Your job is to write out each record precisely as it stands.

(PROVIDED INFORMATION begins)

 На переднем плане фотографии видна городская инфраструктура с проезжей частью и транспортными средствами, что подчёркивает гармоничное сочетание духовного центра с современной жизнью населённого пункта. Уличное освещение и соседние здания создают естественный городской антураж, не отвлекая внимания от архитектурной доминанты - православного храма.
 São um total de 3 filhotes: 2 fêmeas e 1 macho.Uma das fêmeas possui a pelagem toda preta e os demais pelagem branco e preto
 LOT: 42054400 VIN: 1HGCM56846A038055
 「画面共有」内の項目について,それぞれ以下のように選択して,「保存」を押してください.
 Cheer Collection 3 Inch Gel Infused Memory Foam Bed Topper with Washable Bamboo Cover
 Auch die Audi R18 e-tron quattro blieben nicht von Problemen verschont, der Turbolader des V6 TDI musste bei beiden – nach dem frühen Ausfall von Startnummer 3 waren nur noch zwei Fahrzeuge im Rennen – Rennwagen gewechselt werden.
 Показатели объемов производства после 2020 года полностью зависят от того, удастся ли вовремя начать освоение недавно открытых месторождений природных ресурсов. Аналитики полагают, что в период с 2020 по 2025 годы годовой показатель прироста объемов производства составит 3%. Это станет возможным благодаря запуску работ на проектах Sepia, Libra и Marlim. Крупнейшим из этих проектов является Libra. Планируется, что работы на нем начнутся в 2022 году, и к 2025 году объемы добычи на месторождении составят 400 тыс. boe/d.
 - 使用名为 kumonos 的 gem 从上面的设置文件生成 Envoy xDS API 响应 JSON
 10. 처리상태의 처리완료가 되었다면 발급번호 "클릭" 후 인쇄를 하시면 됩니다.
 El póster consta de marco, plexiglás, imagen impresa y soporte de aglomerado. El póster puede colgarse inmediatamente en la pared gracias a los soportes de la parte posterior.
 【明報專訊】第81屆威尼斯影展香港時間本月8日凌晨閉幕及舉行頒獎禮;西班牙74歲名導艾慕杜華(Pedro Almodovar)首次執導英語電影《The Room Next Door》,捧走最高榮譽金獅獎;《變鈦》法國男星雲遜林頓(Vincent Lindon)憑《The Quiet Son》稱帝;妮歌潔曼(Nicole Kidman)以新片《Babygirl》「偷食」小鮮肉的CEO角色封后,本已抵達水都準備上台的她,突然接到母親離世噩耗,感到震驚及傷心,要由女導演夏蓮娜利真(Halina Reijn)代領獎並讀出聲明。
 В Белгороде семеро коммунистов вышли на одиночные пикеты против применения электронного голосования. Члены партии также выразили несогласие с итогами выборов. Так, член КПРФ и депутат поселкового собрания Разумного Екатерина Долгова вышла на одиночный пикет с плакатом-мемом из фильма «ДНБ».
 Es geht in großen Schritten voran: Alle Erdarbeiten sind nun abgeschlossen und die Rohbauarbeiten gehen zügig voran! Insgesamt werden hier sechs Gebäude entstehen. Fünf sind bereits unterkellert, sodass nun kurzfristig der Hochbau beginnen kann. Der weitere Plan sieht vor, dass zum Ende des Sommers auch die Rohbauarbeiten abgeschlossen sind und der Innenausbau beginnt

(PROVIDED INFORMATION ends)

## ANSWER FOR THIS EXERCISE
 На переднем плане фотографии видна городская инфраструктура с проезжей частью и транспортными средствами, что подчёркивает гармоничное сочетание духовного центра с современной жизнью населённого пункта. Уличное освещение и соседние здания создают естественный городской антураж, не отвлекая внимания от архитектурной доминанты - православного храма.
 São um total de 3 filhotes: 2 fêmeas e 1 macho.Uma das fêmeas possui a pelagem toda preta e os demais pelagem branco e preto
 LOT: 42054400 VIN: 1HGCM56846A038055
 「画面共有」内の項目について,それぞれ以下のように選択して,「保存」を押してください.
 Cheer Collection 3 Inch Gel Infused Memory Foam Bed Topper with Washable Bamboo Cover
 Auch die Audi R18 e-tron quattro blieben nicht von Problemen verschont, der Turbolader des V6 TDI musste bei beiden – nach dem frühen Ausfall von Startnummer 3 waren nur noch zwei Fahrzeuge im Rennen – Rennwagen gewechselt werden.
 Показатели объемов производства после 2020 года полностью зависят от того, удастся ли вовремя начать освоение недавно открытых месторождений природных ресурсов. Аналитики полагают, что в период с 2020 по 2025 годы годовой показатель прироста объемов производства составит 3%. Это станет возможным благодаря запуску работ на проектах Sepia, Libra и Marlim. Крупнейшим из этих проектов является Libra. Планируется, что работы на нем начнутся в 2022 году, и к 2025 году объемы добычи на месторождении составят 400 тыс. boe/d.
 - 使用名为 kumonos 的 gem 从上面的设置文件生成 Envoy xDS API 响应 JSON
 10. 처리상태의 처리완료가 되었다면 발급번호 "클릭" 후 인쇄를 하시면 됩니다.
 El póster consta de marco, plexiglás, imagen impresa y soporte de aglomerado. El póster puede colgarse inmediatamente en la pared gracias a los soportes de la parte posterior.
 【明報專訊】第81屆威尼斯影展香港時間本月8日凌晨閉幕及舉行頒獎禮;西班牙74歲名導艾慕杜華(Pedro Almodovar)首次執導英語電影《The Room Next Door》,捧走最高榮譽金獅獎;《變鈦》法國男星雲遜林頓(Vincent Lindon)憑《The Quiet Son》稱帝;妮歌潔曼(Nicole Kidman)以新片《Babygirl》「偷食」小鮮肉的CEO角色封后,本已抵達水都準備上台的她,突然接到母親離世噩耗,感到震驚及傷心,要由女導演夏蓮娜利真(Halina Reijn)代領獎並讀出聲明。
 В Белгороде семеро коммунистов вышли на одиночные пикеты против применения электронного голосования. Члены партии также выразили несогласие с итогами выборов. Так, член КПРФ и депутат поселкового собрания Разумного Екатерина Долгова вышла на одиночный пикет с плакатом-мемом из фильма «ДНБ».
 Es geht in großen Schritten voran: Alle Erdarbeiten sind nun abgeschlossen und die Rohbauarbeiten gehen zügig voran! Insgesamt werden hier sechs Gebäude entstehen. Fünf sind bereits unterkellert, sodass nun kurzfristig der Hochbau beginnen kann. Der weitere Plan sieht vor, dass zum Ende des Sommers auch die Rohbauarbeiten abgeschlossen sind und der Innenausbau beginnt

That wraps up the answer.